The majority of the best-selling cars in the US are now available with SAE level-one automated driving features such as adaptive cruise control. As the penetration rate of these vehicles grows on the roadways, it is now possible to consider controlling the bulk human-piloted traffic flow by carefully designing these driver-assist features. This talk will discuss modeling, simulation, and field demonstration advancements that are needed to control automated vehicles to stabilize traffic flow at scale.
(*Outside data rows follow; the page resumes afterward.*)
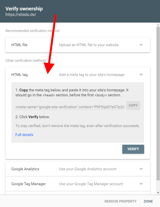 3. In the next step choose „HMTL tag“ as verification method and copy the code generated by Google. Having it on your website will help to verify the ownership of your website and monitor the statistics.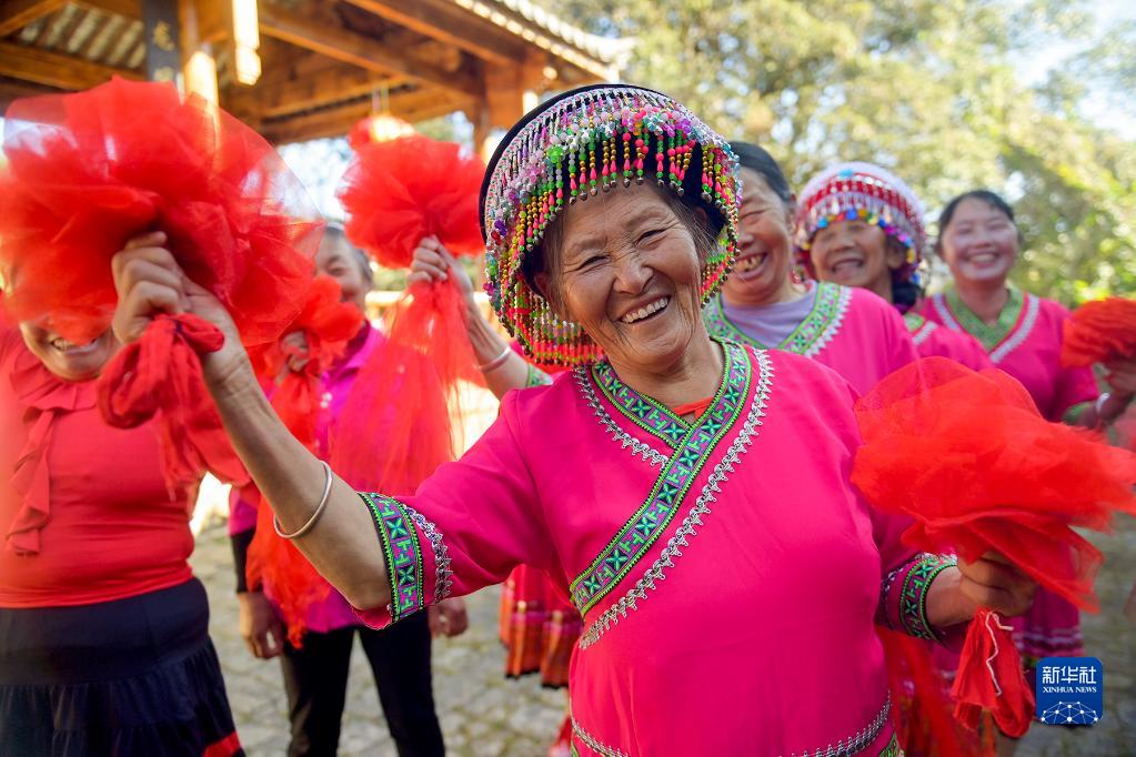 1月13日,云南省大理南澗彝族自治縣碧溪鄉巖子頭村村民在排練“村晚”節目。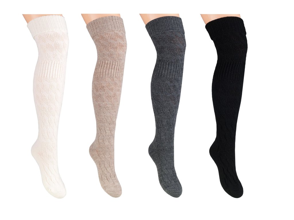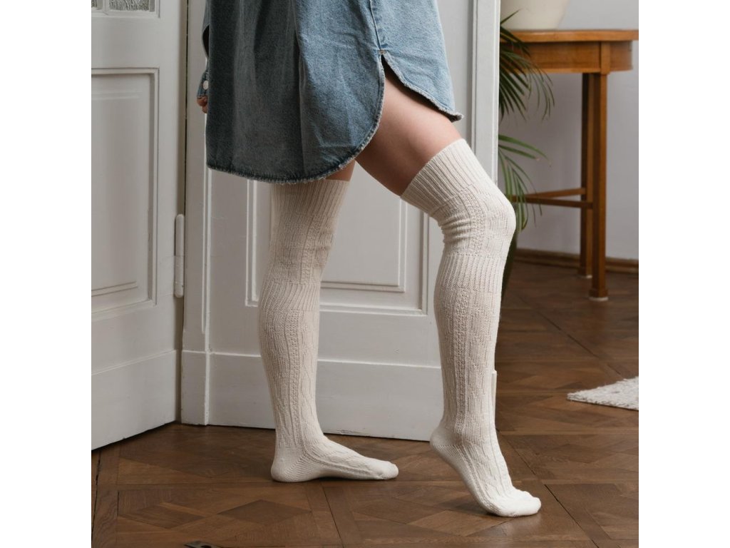 Vlněné ponožky 089 ● teplé, vlněné ● originální stylový prvek ● výrazná, hustá vazba ● díky dodatečnému žebrování pod koleny perfektně drží na nohou ● výrobek z vysoce kvalitní vlny ● nabízené v různých barevných variantách ● ideální pro podzimní a zimní sezónu
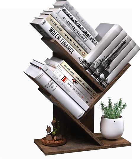 Godferyxin Tree Bookshelf, 3-Tier Wood Small Bookshelf And Mini Bookcase For Office, Home Or School Desk Book Shelf For For Displaying Books, Cds,

Prior work on a closed course established that automated vehicles can eliminate human-generated phantom traffic jams that seemingly occur without cause, reducing fuel consumption by up to 40%. The talk will highlight the research challenges and progress towards demonstrating traffic flow smoothing with a fleet of connected and automated vehicles on the I-24 Smart Corridor in Tennessee, as part of the CIRCLES Consortium.

Biographical Sketch

Dan Work is an associate professor in the Department of Civil and Environmental Engineering, the Department of Electrical Engineering and Computer Science, and the Institute for Software Integrated Systems at Vanderbilt University. He has held research appointments at the University of Illinois at Urbana-Champaign (2010–17), Institute for Pure and Applied Mathematics (2015, 2020), Microsoft Research Redmond (2009), and Nokia Research Center Palo Alto (2007–09). His research on automated vehicles has appeared in numerous media outlets including ABC’s Good Morning America, Reuters, Wired, and MIT Technology Review. Prof. Work was named a 2018 Gilbreth Lecturer by the National Academy of Engineering, and a CAREER Award recipient from the National Science Foundation in 2014.